Dan Sommer, principal analyst at Gartner, suggested that organisations have become increasingly aware that they can use such technologies to filter the vast and expanding volumes of information they must now deal with every day.
"In no way is this a market with closed opportunities," he added. "Key forces such as cloud, mobile, social and big data will play a key role in increased adoption over the next 10 years, and help shift the centre of gravity away from BI and analytics being only an enterprise IT push adopted by key stakeholders in lines of business, to one with a strong focus on the individual context, inside and outside the firewall.
"In 10 years' time, everyone will be touched by analytics in a much denser and more frequent way."

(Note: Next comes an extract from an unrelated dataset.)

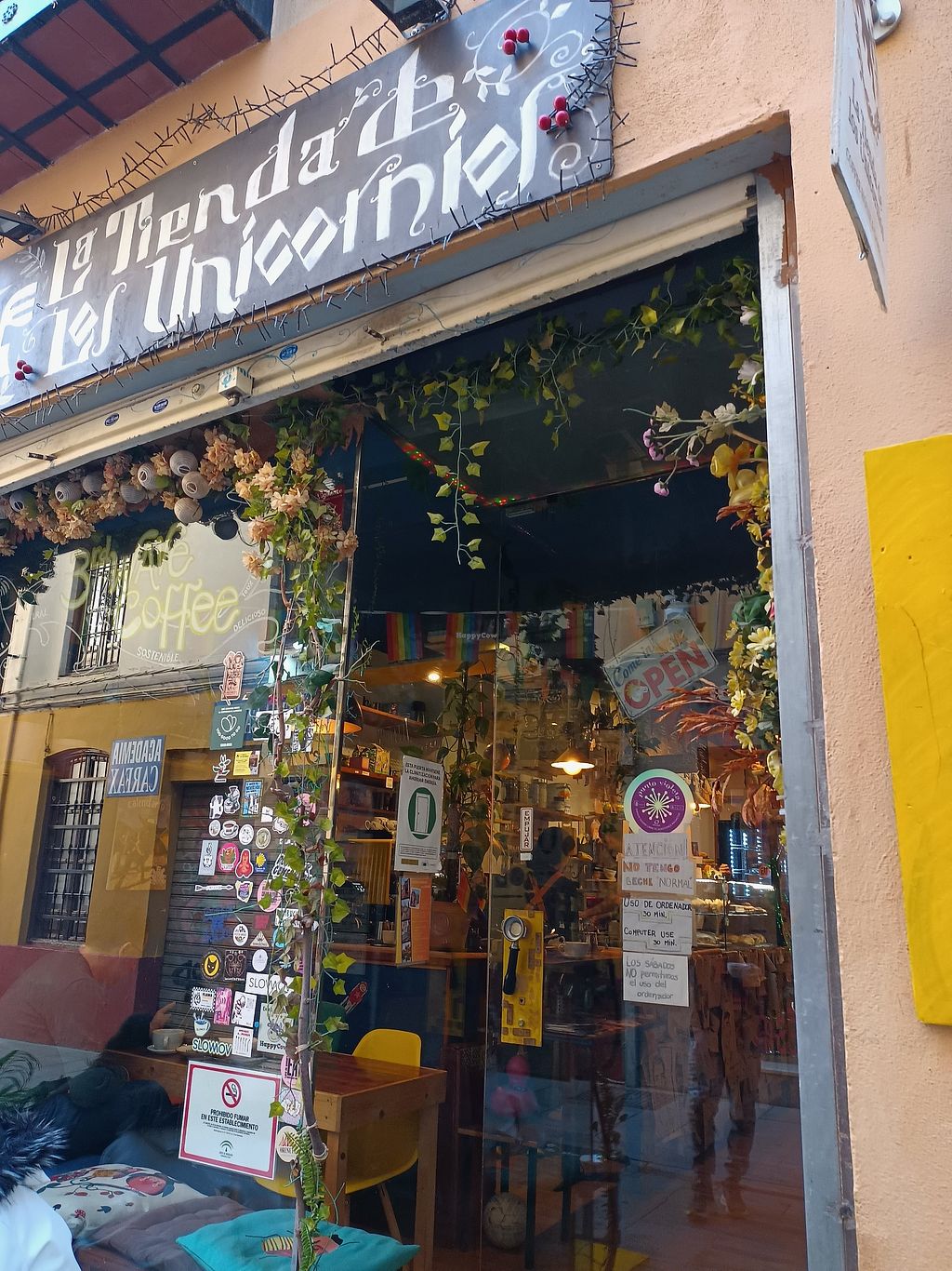 La tienda de los unicorn is a small coffee shop offering breakfast and pastries.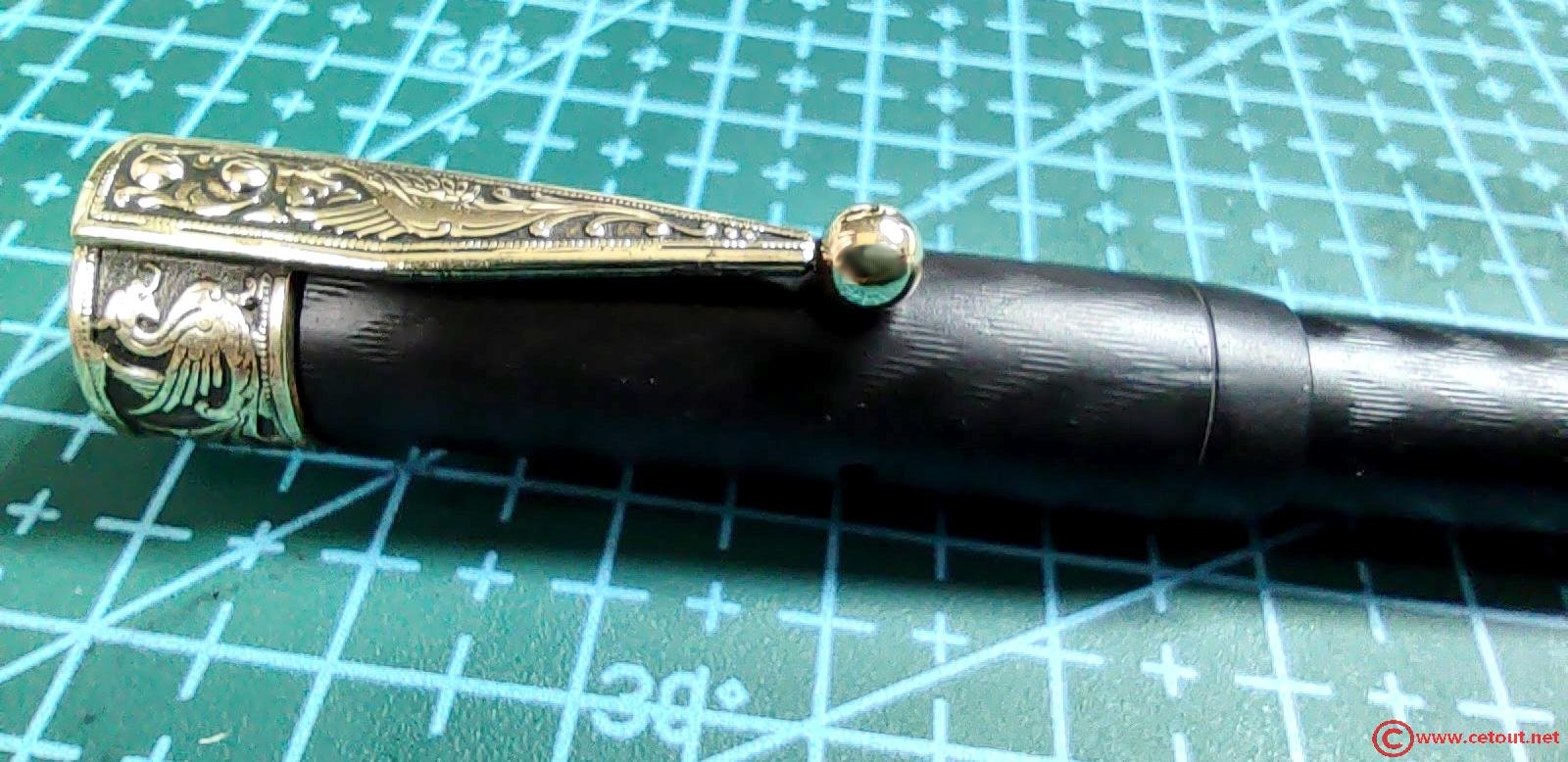 – Capuchon en Ebonite noire. Clip métal doré avec motif classique. Tres Bon état global.

Sommer said IT continues to spend and earmark money for BI, despite constrained budgetary environments, and Gartner's 2012 CIO survey suggests that analytics and BI will be the number one technology priority for CIOs in 2012.
"BI projects remain relatively shielded, while a healthy portion of any discretionary money will be available for upcoming analytic initiatives," he said. "Second, new buying centres are opening and expanding outside of IT, in line-of-business initiatives, and taking an increasingly large stake of the spending pie.
"Key drivers for this are self-service data discovery tools, the race among vendors to provide business context through packaged analytics, and CFOs taking a renewed interest in BI and PM."
Meanwhile, the leading five vendors - SAP, Oracle, SAS Institute, IBM and Microsoft - are continuing to consolidate the market via their acquisition, integration and upsell/cross-sell activities.
Currently, the top five account for nearly 75 per cent of sales - even though about 100 vendors are "jostling for position, some of them in hyper-growth mode", said Sommer.